The full listing, minus its pictures, should be printed again exactly as it stands.

*** DATA BLOCK ***

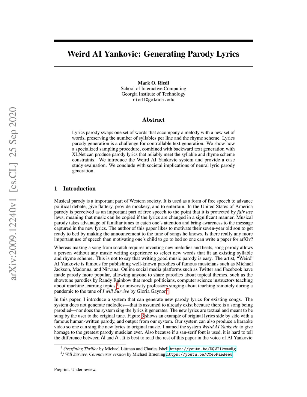 Lyrics parody swaps one set of words that accompany a melody with a new set of words, preserving the number of syllables per line and the rhyme scheme. Lyrics parody generation is a challenge for controllable text generation. We show how a specialized sampling procedure, combined with backward text generation with XLNet can produce parody lyrics that reliably meet the syllable and rhyme scheme constraints.We introduce the Weird AI Yankovic system and provide a case study evaluation. We conclude with societal implications of neural lyric parody generation.
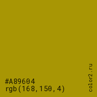 Цвет #A89604 в цветовой модели RGB обозначается тремя октетами (168, 150, 4) в десятичном формате и #A89604 в шестнадцатиричном (hex) формате, которые являются интенсивностью красного 168 (hex A8), интенсивность зелёного 150 (hex 96) и интенсивность синего 4 (hex 04).
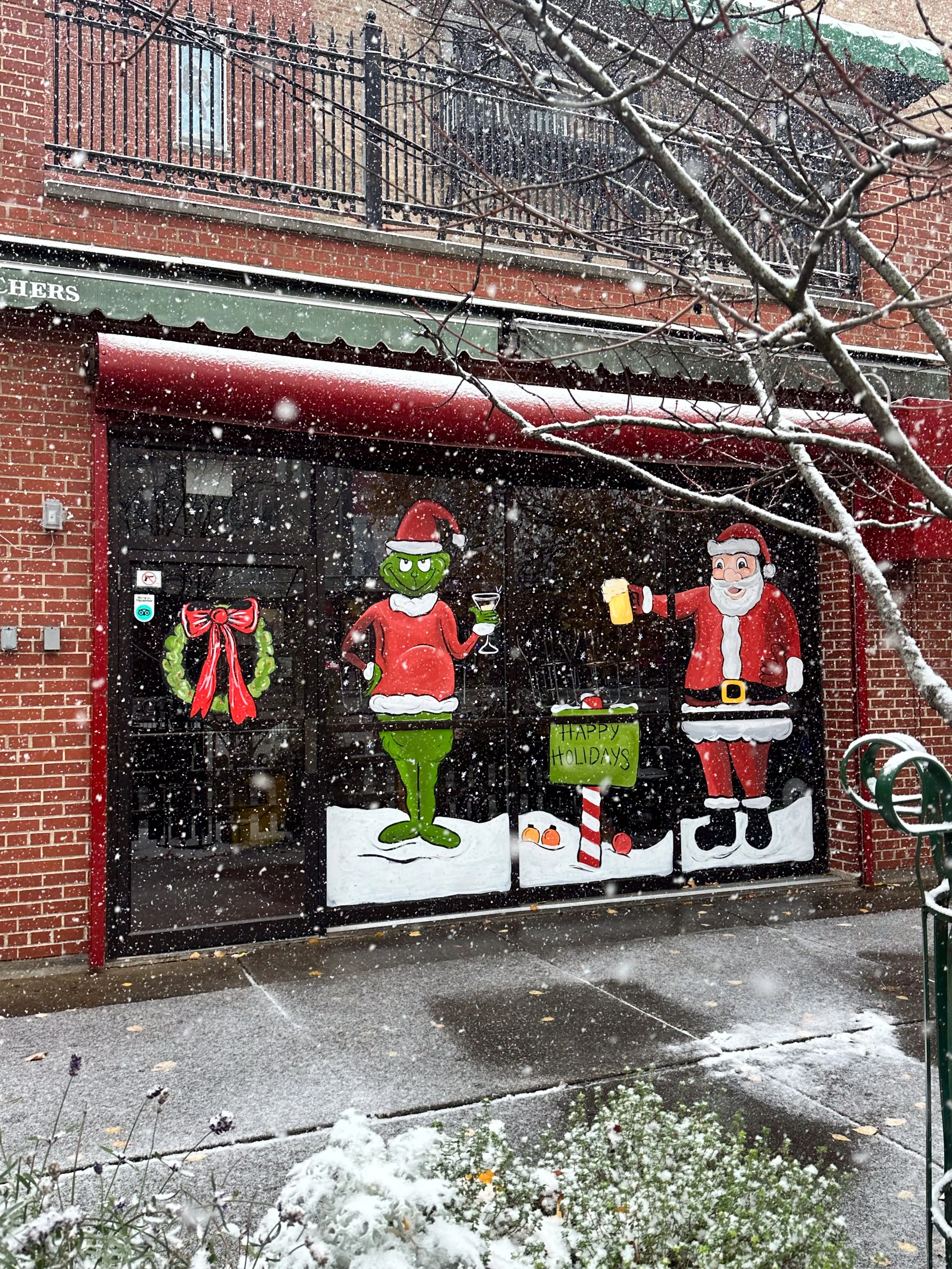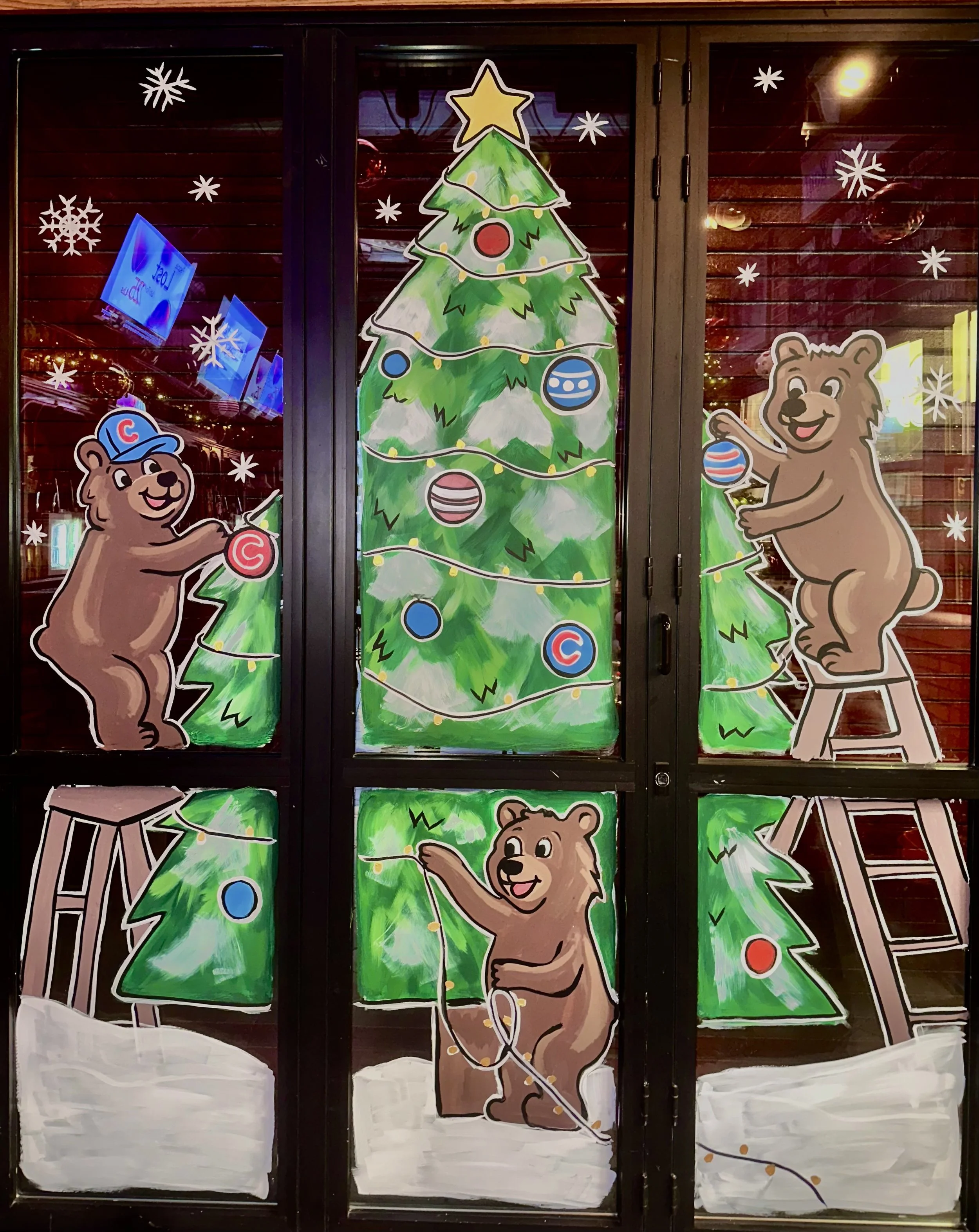 Located right across from Wrigley Field, these fun custom window paintings brought seasonal charm to Murphy’s Bleachers two years in a running

*** End of DATA BLOCK ***

- **RESPONSE BOX**:
 Lyrics parody swaps one set of words that accompany a melody with a new set of words, preserving the number of syllables per line and the rhyme scheme. Lyrics parody generation is a challenge for controllable text generation. We show how a specialized sampling procedure, combined with backward text generation with XLNet can produce parody lyrics that reliably meet the syllable and rhyme scheme constraints.We introduce the Weird AI Yankovic system and provide a case study evaluation. We conclude with societal implications of neural lyric parody generation.
 Цвет #A89604 в цветовой модели RGB обозначается тремя октетами (168, 150, 4) в десятичном формате и #A89604 в шестнадцатиричном (hex) формате, которые являются интенсивностью красного 168 (hex A8), интенсивность зелёного 150 (hex 96) и интенсивность синего 4 (hex 04).
 Located right across from Wrigley Field, these fun custom window paintings brought seasonal charm to Murphy’s Bleachers two years in a running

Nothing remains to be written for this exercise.